Gamma One versus space yetis delivers the low-budget, idiotic thrills the film has been promising you, but once it’s over you realize the movie has only been going on for an hour or so. There’s a whole other tacked-on second climax with our Gamma One crew finally back in space, leading a retaliatory strike against the space yetis’ hidden space base, where they are still hanging around, messing with our climate. It really feels like Margheriti/Deodato wrapped the film, started packing up to go home, then realized they were about twenty minutes short of feature-length.
Luckily, those twenty minutes really deliver what I want and expect from a Gamma One film. All of the awesome miniatures, rocketships, and GI Joe action figures being swung around on wires in front of black backgrounds get crammed into the finale’s secret mission to track down, then blow up, the space yetis’ cosmic base, putting to an end their dastardly plans to do to humanity with climate change what humanity is perfectly capable of doing by itself to itself, thank you very much. Fans of cheap sci-fi special effects will not be disappointed. My favorite aspect of this has to be the spacewalks, which are realized in one of two ways: either by dangling an actor from a wire by their ass, allowing them to sort of just flail and spin around aimlessly; or by whizzing around little action figures with wind-up arm and leg kicking action.



I wonder if the film might have been more of a success if Margheriti’s head had been more in the game. Leaving the bulk of the work to assistant director Ruggero Deodato — and a novice Deodato at that — results in a noticeably different vibe. Because Deodato is best known for his nastiest film, one might assume he brings a harder edge to the Gamma One series. That’s not the case, and one needs to remember that although Deodato made a name for himself with Cannibal Holocaust, it’s not his definitive film — or it is, but it’s not the nastiness that makes for definitive Deodato; it’s the pointless wandering. I can think of a lot of Deodato films I can’t stand, but only one I really like (Raiders of Atlantis). Like most Italian directors, he made films in every genre, but his contributions always end up being, for me, slightly shoddy examples of each of the genres. Whether he’s ruining the Diabolik-inspired super-villain/fumetti film (Phenomenal and the Treasure of Tutankhamen) or the poliziotteschi film (Live Like a Cop, Die Like a Man), he always seems to bring a grubby sort of disinterest to much of what he makes.
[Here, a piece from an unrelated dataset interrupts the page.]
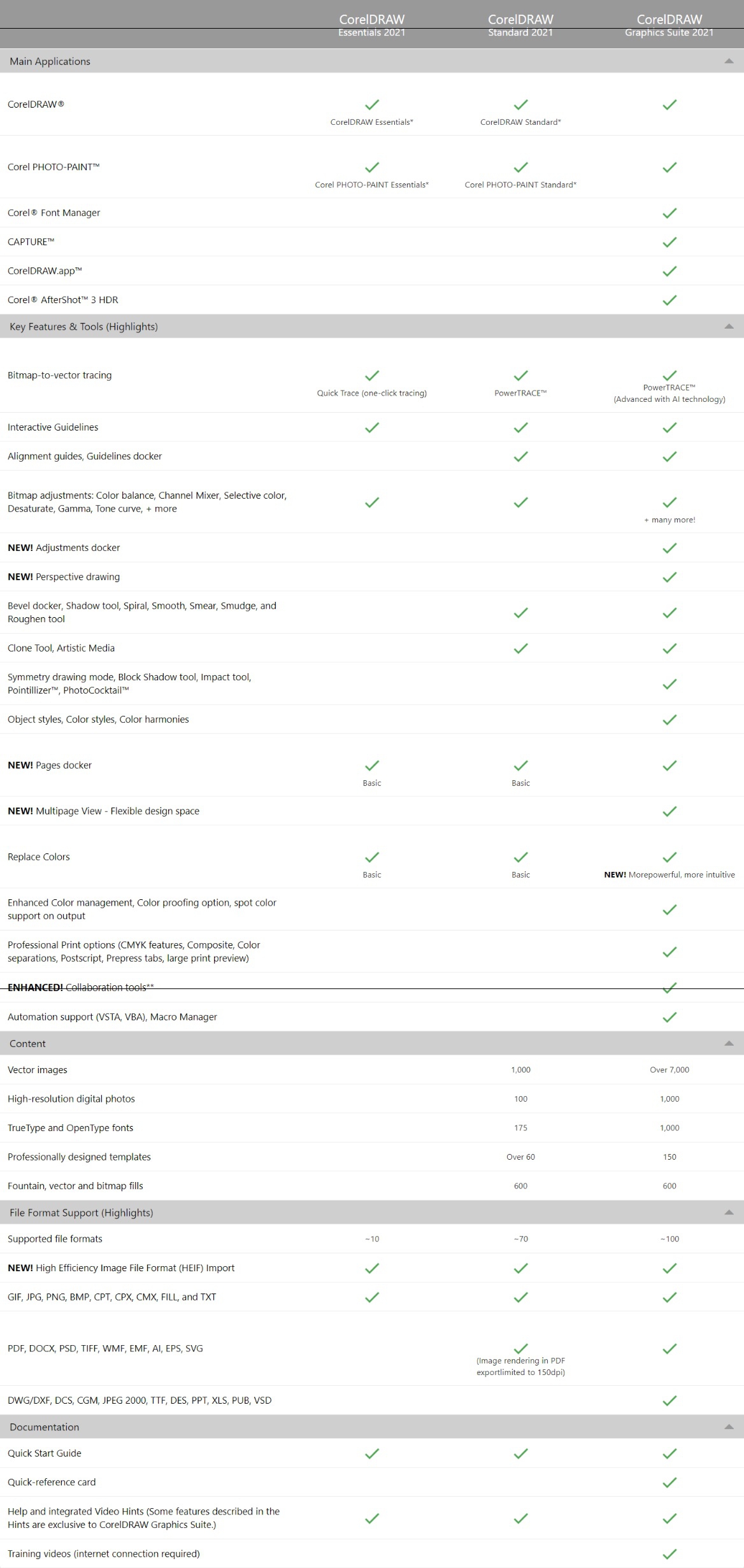 ตารางเปรียบเทียบ ชุดโปรแกรมวาดรูปกราฟิก CorelDRAW ในแต่ละเวอร์ชัน

Still, I don’t know that all of Snow Devils‘ shortcomings can fairly be placed at Deodato’s feet. It’s not like Margheriti was a perfect hitter or anything. But a disinterested Margheriti coupled with a green Deodato certainly goes a long way to sink a film that has a pretty solid high concept. The cast does what they can in familiar roles (even if some of the actors have swapped those familiar roles), but few performers can out-act scene after scene of walking wordlessly through a fake blizzard. Maybe Tarkovsky’s Snow Devils could have made that work, but not this one.